■ ASSIGNMENT:
The line with "A registered nurse" and each line following it, up to the final line of the data, should be set down exactly; pictures stay out.

■ DATA SECTION:

============================================================

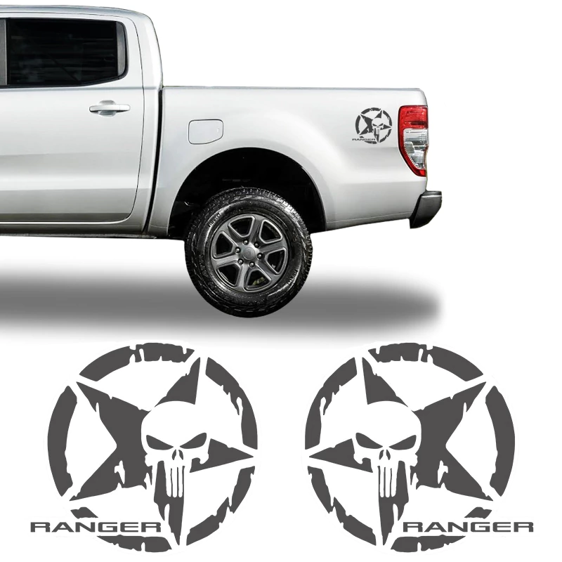Par de Adesivos Laterais Caveira O Justiceiro Estrela Ford Ranger
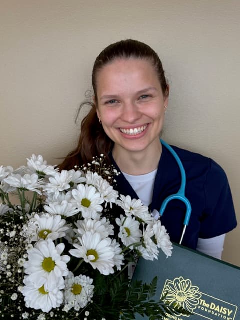 A registered nurse with 40 years of experience nominated Arielle Black, BSN, RN, from the Emergency Department for the Daisy Award. The woman described her stressful journey navigating her husband's pancreatic cancer diagnosis. In October, they had to visit the Emergency Department, where they met Arielle. Despite the husband's altered mental status, Arielle listened attentively to the woman’s concerns, provided emotional support, and communicated effectively. Arielle's kindness, attentiveness and excellent communication skills made a significant positive impact on the woman during a difficult time. She was surprised to learn that Arielle had only been working there for six months, as she demonstrated qualities of a seasoned nurse. The woman praised Arielle for going above and beyond in her care, making them feel heard and cared for, and highlighted her as an asset to the team.
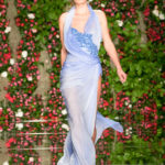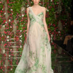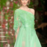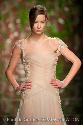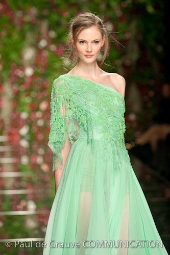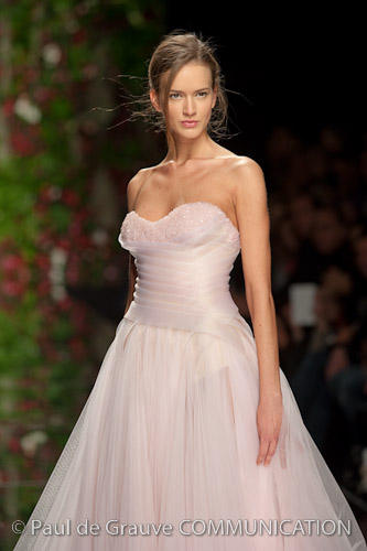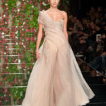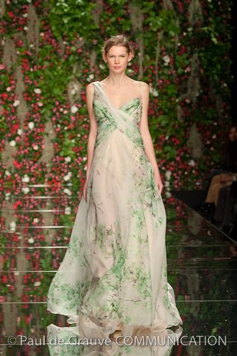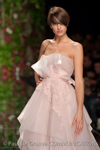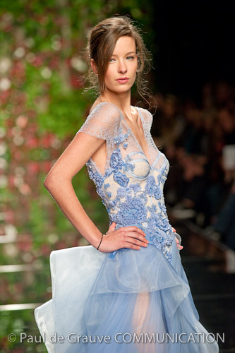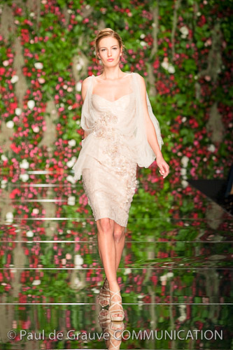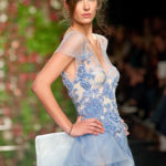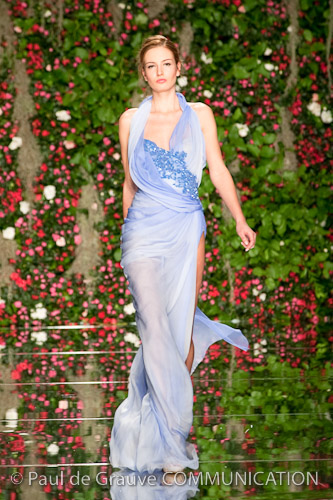 Il lato romantico della seduzione è espresso attraverso cascate di volants e mini inserti in tulle, l’uso di fantasie floreali, la scelta cromatica. La palette di colori è caratterizzata da nuances pastello a effetto poudrés: blu acqua marina e rosa, verde pistacchio e arcadian. Sfilano abiti malva, in celeste e lilla sfumato, color carne white e off-white. Pietre semi-preziose creano giochi di luce arricchendo le stoffe, attraversate da elaborati ricami. Gli abiti simulano motivi cristallizzati, attraverso lo studio delle volumetrie applicato ai tessuti: la mussola, il pizzo, il crin. Il ritratto della femminilità che viene fuori è un ritratto sontuoso, una moda che rifiuta ogni minimalismo, nel tentativo di incantare contemporaneamente Oriente e Occidente.

============================================================

■ OUTPUT BELOW:
 A registered nurse with 40 years of experience nominated Arielle Black, BSN, RN, from the Emergency Department for the Daisy Award. The woman described her stressful journey navigating her husband's pancreatic cancer diagnosis. In October, they had to visit the Emergency Department, where they met Arielle. Despite the husband's altered mental status, Arielle listened attentively to the woman’s concerns, provided emotional support, and communicated effectively. Arielle's kindness, attentiveness and excellent communication skills made a significant positive impact on the woman during a difficult time. She was surprised to learn that Arielle had only been working there for six months, as she demonstrated qualities of a seasoned nurse. The woman praised Arielle for going above and beyond in her care, making them feel heard and cared for, and highlighted her as an asset to the team.
 Il lato romantico della seduzione è espresso attraverso cascate di volants e mini inserti in tulle, l’uso di fantasie floreali, la scelta cromatica. La palette di colori è caratterizzata da nuances pastello a effetto poudrés: blu acqua marina e rosa, verde pistacchio e arcadian. Sfilano abiti malva, in celeste e lilla sfumato, color carne white e off-white. Pietre semi-preziose creano giochi di luce arricchendo le stoffe, attraversate da elaborati ricami. Gli abiti simulano motivi cristallizzati, attraverso lo studio delle volumetrie applicato ai tessuti: la mussola, il pizzo, il crin. Il ritratto della femminilità che viene fuori è un ritratto sontuoso, una moda che rifiuta ogni minimalismo, nel tentativo di incantare contemporaneamente Oriente e Occidente.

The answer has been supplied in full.